Równo dwa tygodnie po otwarciu autostrady A1 do Torunia, kierowcy z tego miasta doczekają się znaków informujących, jak do niej dojechać.

Na razie stoi zaledwie... jeden, tuż przed samą autostradą. W samym mieście dojazd do autostrady to już wielka zagadka.

Drogowcy z Torunia tłumaczą, że ustawienie znaków musieli zsynchronizować z prowadzonymi w mieście remontami ulic. Drogowskazy miały stanąć dopiero po ich zakończeniu, wraz z oddaniem do użytku łącznika autostradowego w ciągu Szosy Lubickiej.

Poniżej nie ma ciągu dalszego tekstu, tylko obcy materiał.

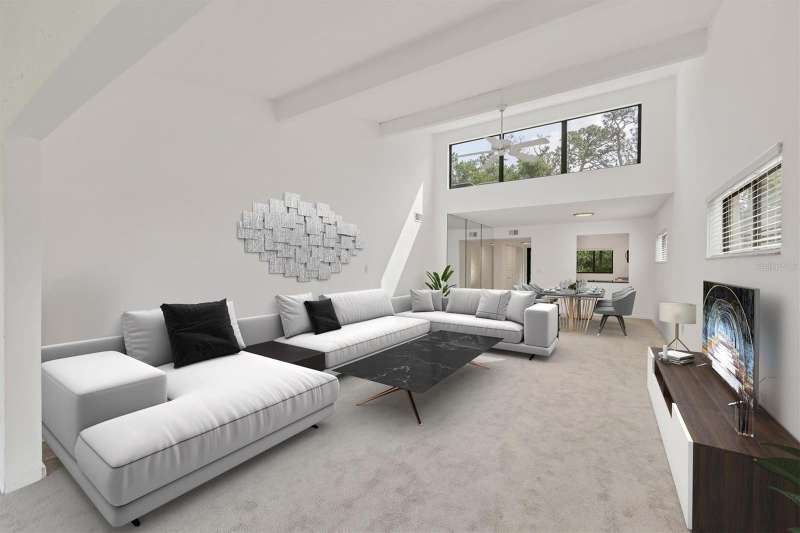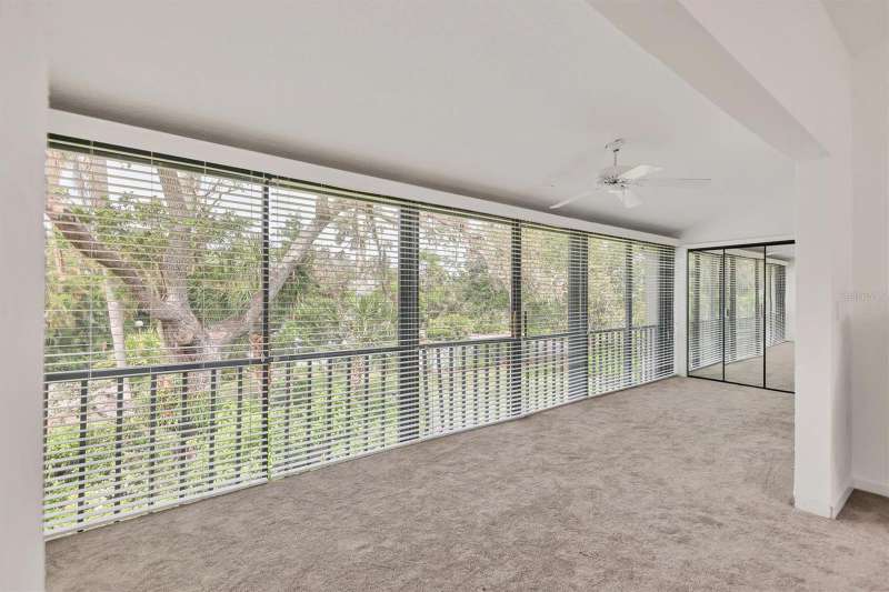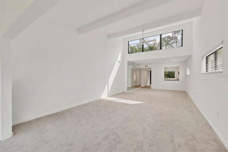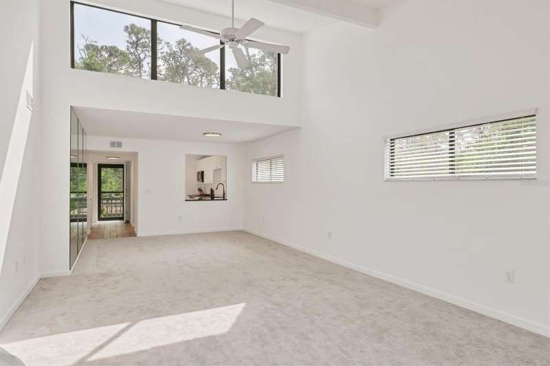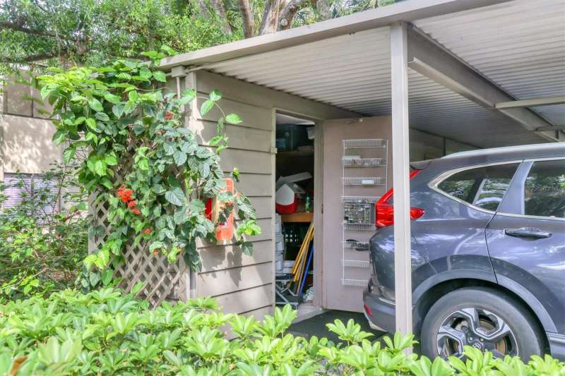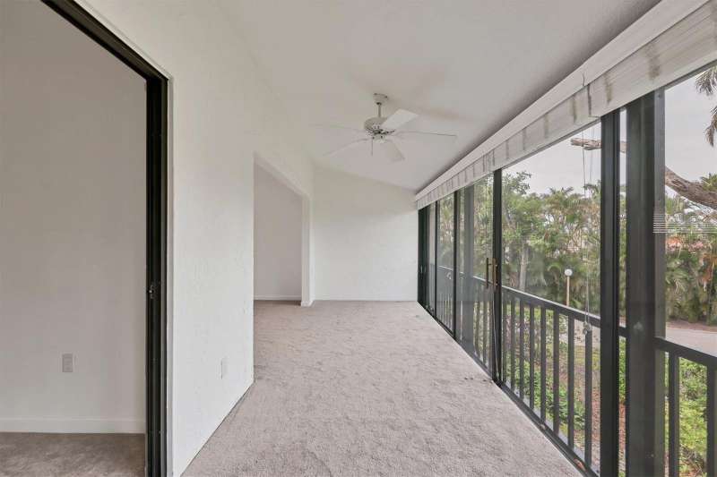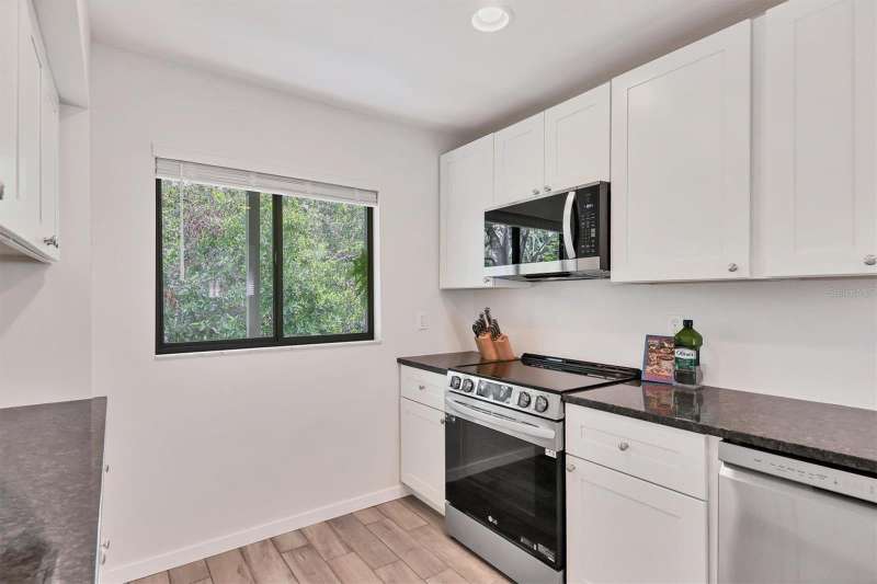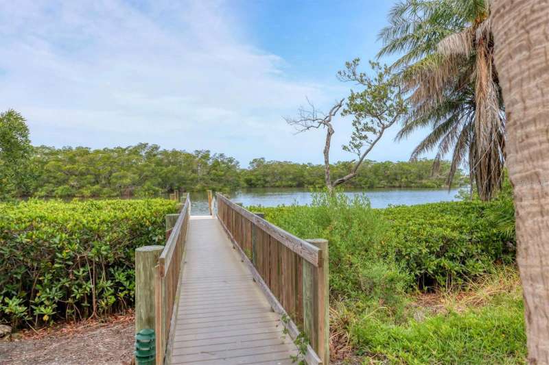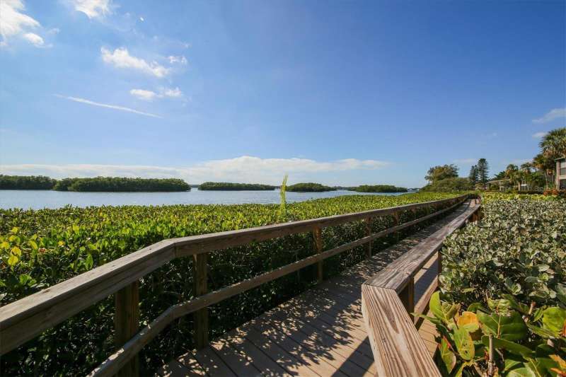 One or more photo(s) has been virtually staged. Beautifully updated in 2025, this second-floor end-unit retreat perfectly combines modern comfort with the unmatched natural beauty of Pelican Cove. Step inside to find new flooring, interior doors, fixtures, and freshly textured and painted walls throughout—including halls and closets. Both bathrooms feature new cabinets and fixtures, while the kitchen boasts new cabinets, countertops, and stainless steel appliances including a range, microwave, dishwasher, and refrigerator. A new Maytag washer and dryer add even more convenience, making this home truly move-in ready. Nestled among grand oaks, this bright and airy home offers a dining room lined with extra windows and topped with transoms, filling the space with natural light. The Florida room spans an impressive 22 feet of sliders, complete with two-inch blinds for privacy when desired. Outside, immerse yourself in 75 acres of lush, mature landscaping where the fragrance of jasmine fills the air and vibrant flowering foliage creates a private bird sanctuary. Your covered carport with attached storage shed adds everyday practicality, while the community invites you to embrace an active, social lifestyle. Swim in one of six pools, learn a new racquet sport, attend classes at “Pelican Cove University,” or sign up for a boat slip while kayakers enjoy free storage. Lovingly passed down through generations and thoughtfully updated for today’s buyer, this home is the perfect blend of modern updates, natural beauty, and resort-style amenities—all that's missing is you!
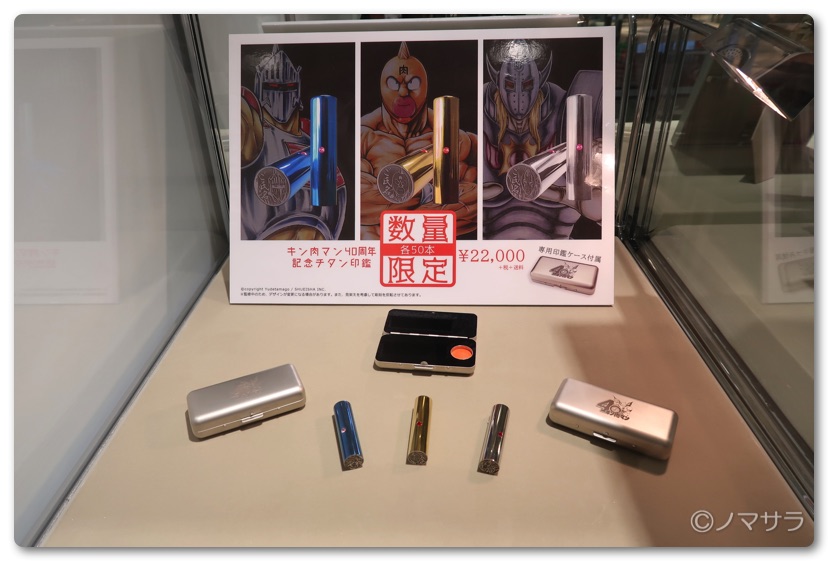 会場を出たところでは腕時計、ライター、印鑑、フィギュアなどの各種グッズが販売されていました。結構なお値段のものもチラホラ。グッズに関しては西館8会の特設会場でも販売されております。
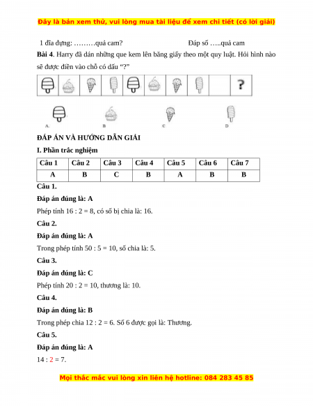 Câu 6. Tìm thương trong phép chia biết số bị chia là 8. Số chia là 2. A. 5 B. 4 C. 1 D. 16
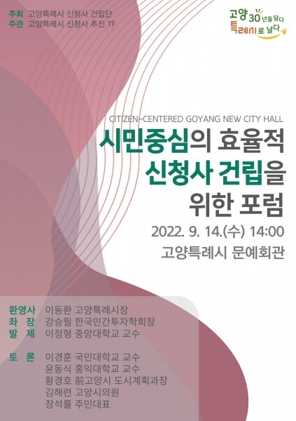 시 관계자는 “이번 포럼을 통해 시민과 전문가들이 한 자리에 모여 심도 있는 토론을 진행함으로써 시민의 목소리를 더욱 가까이서 듣고 시민과 함께 청사의 밑그림을 그릴 수 있는 기회가 될 것으로 기대한다”고 전했다.
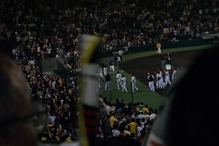 ところで、4月30日に改装された甲子園に行きました。対戦相手は横浜ベイスターズです。9回の裏、ツーアウト、ランナーなし。0−2で負けており、敗戦濃厚。そろそろ帰ろうとしたその矢先、代打今岡が執念のヒット。さらに平野が右中間を破る3塁打。さらにさらに関本が同点にし、続く鳥谷も執念の4連打。お膳立てはできました。そして金本の一振りで、奇跡の逆転サヨナラ。もう興奮冷めやらない、すごいすごい試合でした。何事もあきらめてはいけません。こんなことが起きるのです!!

- Robimy remont na Szosie Lubickiej, gdzie występuje dość spore przewężenie i utrudnienie w ruchu. Skierowanie kierowców na autostradę sprawiłoby, że dostaliby się w wąskie gardło - tłumaczy rzeczniczka Miejskiego Zarządu Dróg w Toruniu, Agnieszka Kobus-Pęńsko.

Reklama

Wygląda więc na to, że receptą na utrudnienia miało być zachowanie przed kierowcami dojazdu do autostrady... w tajemnicy.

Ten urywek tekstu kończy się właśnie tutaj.